If there’s one thing investors care more about than earnings, it’s cash flow. GERN’s free cash flow (“FCF”) per share for the trailing twelve months was -0.03. Comparatively, SHPG’s free cash flow per share was +1.04. On a percent-of-sales basis, GERN’s free cash flow was -0.45% while SHPG converted 2.08% of its revenues into cash flow. This means that, for a given level of sales, SHPG is able to generate more free cash flow for investors.

Liquidity and Financial Risk

Liquidity and leverage ratios are important because they reveal the financial health of a company. GERN has a current ratio of 14.70 compared to 1.00 for SHPG. This means that GERN can more easily cover its most immediate liabilities over the next twelve months. GERN’s debt-to-equity ratio is 0.00 versus a D/E of 0.54 for SHPG. SHPG is therefore the more solvent of the two companies, and has lower financial risk.

Valuation

GERN trades at a P/B of 5.92, and a P/S of 577.53, compared to a forward P/E of 9.35, a P/B of 1.27, and a P/S of 3.14 for SHPG. GERN is the cheaper of the two stocks on an earnings basis but is expensive in terms of P/B and P/S ratio. Given that earnings are what matter most to investors, analysts tend to place a greater weight on the P/E.

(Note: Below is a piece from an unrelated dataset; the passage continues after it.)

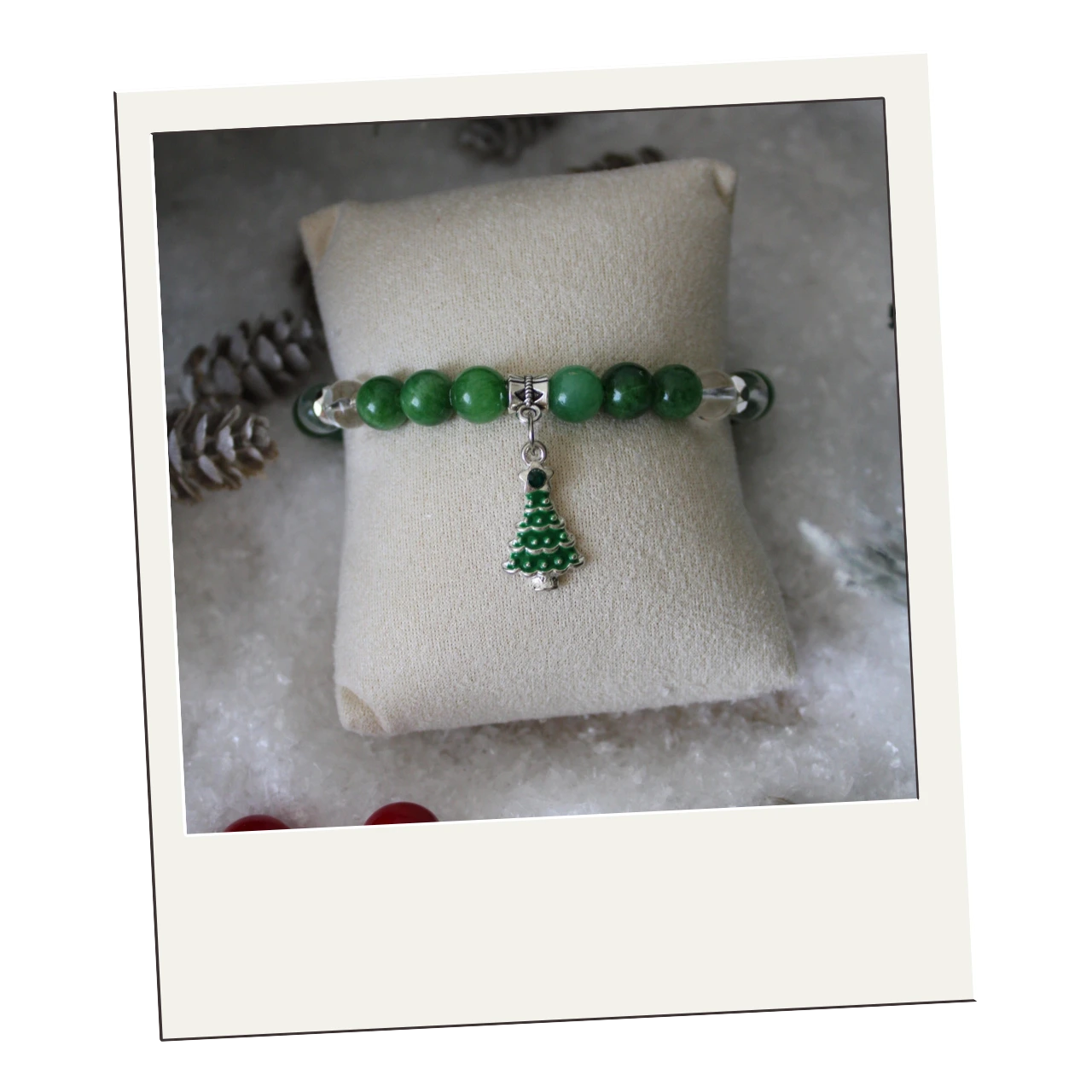 Zöld jade-hegyikristály zöld karácsonyfa medálos ásvány karkötő – az ünnepi természet harmóniája

Analyst Price Targets and Opinions

A cheap stock is not necessarily a value stock. Most of the time, a stock is cheap for good reason. A stock only has value if the current price is substantially below the price at which it should trade in the future. GERN is currently priced at a -30% to its one-year price target of 5.50. Comparatively, SHPG is -22.91% relative to its price target of 197.42. This suggests that GERN is the better investment over the next year.

Risk and Volatility

To gauge the market risk of a particular stock, investors use beta. Stocks with a beta above 1 are more volatile than the market as a whole. Conversely, a beta below 1 implies below average systematic risk. GERN has a beta of 2.27 and SHPG’s beta is 1.32. SHPG’s shares are therefore the less volatile of the two stocks.

Insider Activity and Investor Sentiment




The analysis of insider buying and selling trends can be extended to the aggregate level. Short interest, which represents the percentage of a stock’s tradable shares currently being shorted, captures what the market as a whole feels about a stock. GERN has a short ratio of 6.40 compared to a short interest of 1.69 for SHPG. This implies that the market is currently less bearish on the outlook for SHPG.

Summary

Shire plc (NASDAQ:SHPG) beats Geron Corporation (NASDAQ:GERN) on a total of 10 of the 14 factors compared between the two stocks. SHPG higher liquidity, is more profitable, generates a higher return on investment, has higher cash flow per share and has a higher cash conversion rate. In terms of valuation, SHPG is the cheaper of the two stocks on book value and sales basis, Finally, SHPG has better sentiment signals based on short interest.